* Exercise brief
Give back the exact lines of the material below from the one containing "這些設備有一個共同特性:全部" through the one containing "- Sprinkle in", and no pictures.

* Material shown
= Beginning of Section =
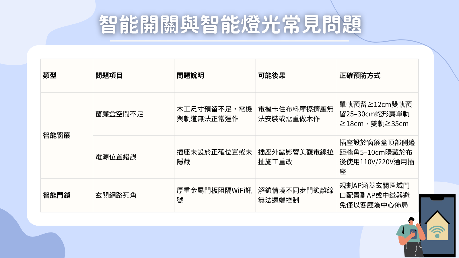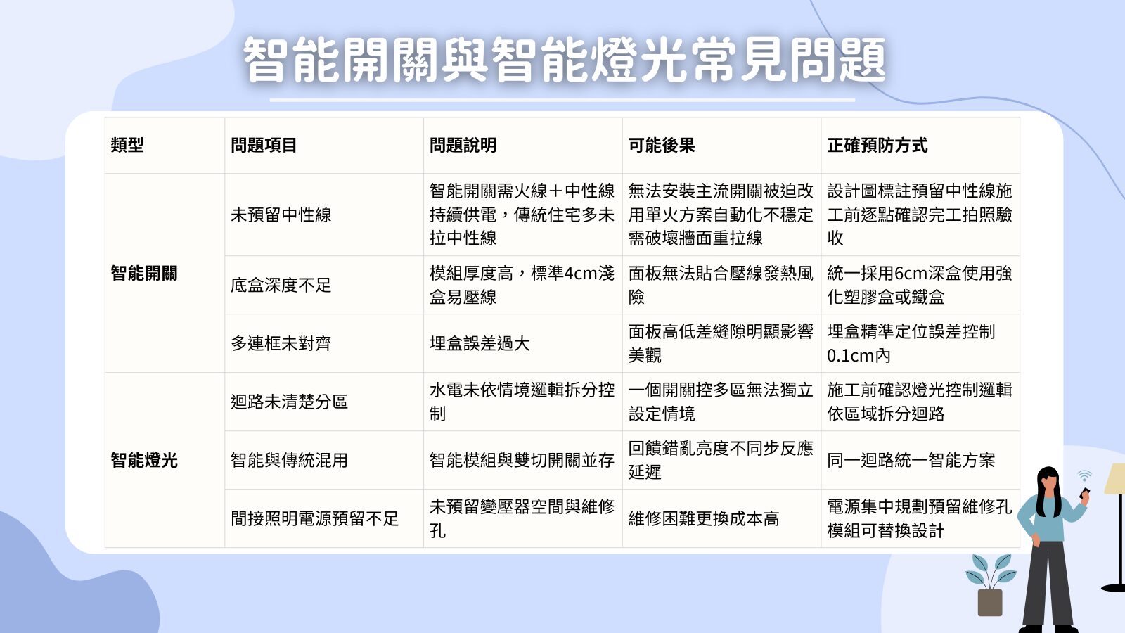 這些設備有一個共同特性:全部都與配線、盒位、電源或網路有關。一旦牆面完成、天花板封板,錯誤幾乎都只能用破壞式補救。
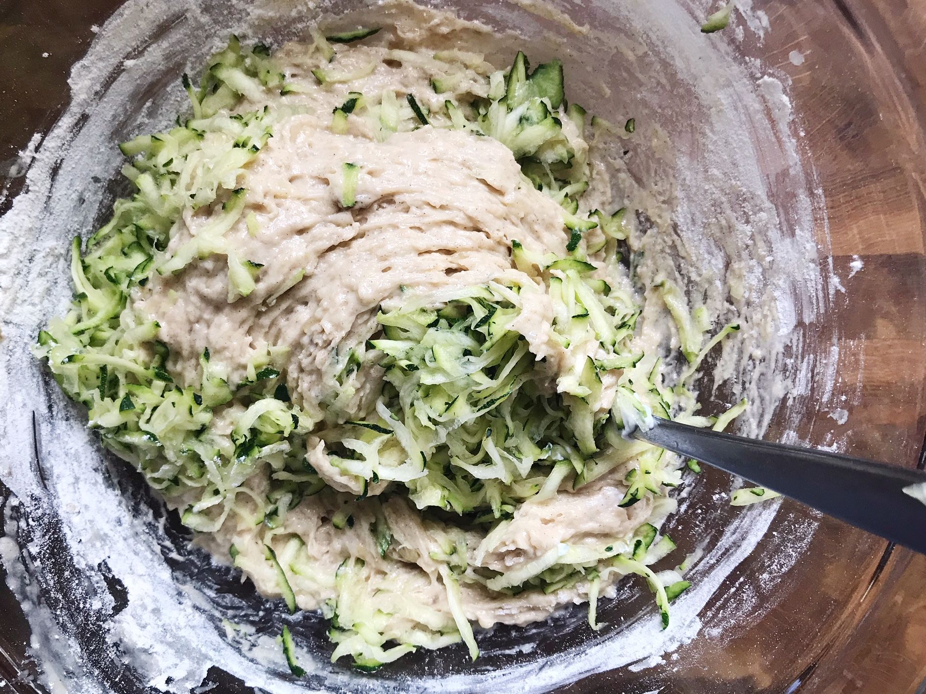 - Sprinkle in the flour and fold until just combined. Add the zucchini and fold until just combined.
= End of Section =
= Beginning of Section =
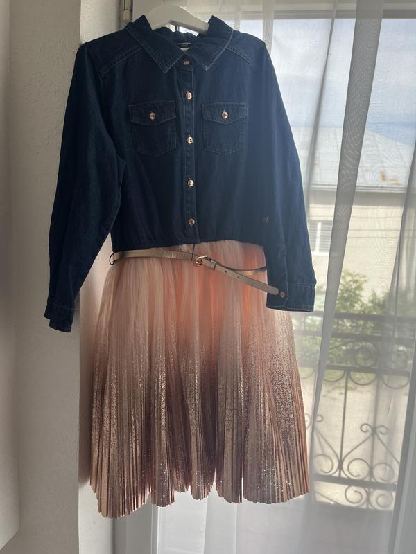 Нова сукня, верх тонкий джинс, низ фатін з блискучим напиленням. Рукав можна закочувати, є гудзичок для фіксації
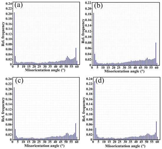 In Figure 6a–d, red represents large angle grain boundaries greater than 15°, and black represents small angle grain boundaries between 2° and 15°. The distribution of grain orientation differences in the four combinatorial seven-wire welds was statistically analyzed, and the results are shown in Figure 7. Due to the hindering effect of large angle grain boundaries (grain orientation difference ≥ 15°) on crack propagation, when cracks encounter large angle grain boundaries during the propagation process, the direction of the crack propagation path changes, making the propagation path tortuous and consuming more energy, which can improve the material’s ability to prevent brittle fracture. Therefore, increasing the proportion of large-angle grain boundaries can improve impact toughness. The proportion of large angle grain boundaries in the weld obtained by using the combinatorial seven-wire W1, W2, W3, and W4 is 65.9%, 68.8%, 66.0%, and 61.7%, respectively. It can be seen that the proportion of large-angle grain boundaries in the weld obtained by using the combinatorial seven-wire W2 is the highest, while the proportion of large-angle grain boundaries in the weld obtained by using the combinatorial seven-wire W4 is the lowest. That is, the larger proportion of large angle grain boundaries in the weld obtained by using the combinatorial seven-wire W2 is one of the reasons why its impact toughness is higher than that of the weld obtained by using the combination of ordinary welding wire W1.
= End of Section =
* Result
 這些設備有一個共同特性:全部都與配線、盒位、電源或網路有關。一旦牆面完成、天花板封板,錯誤幾乎都只能用破壞式補救。
 - Sprinkle in the flour and fold until just combined. Add the zucchini and fold until just combined.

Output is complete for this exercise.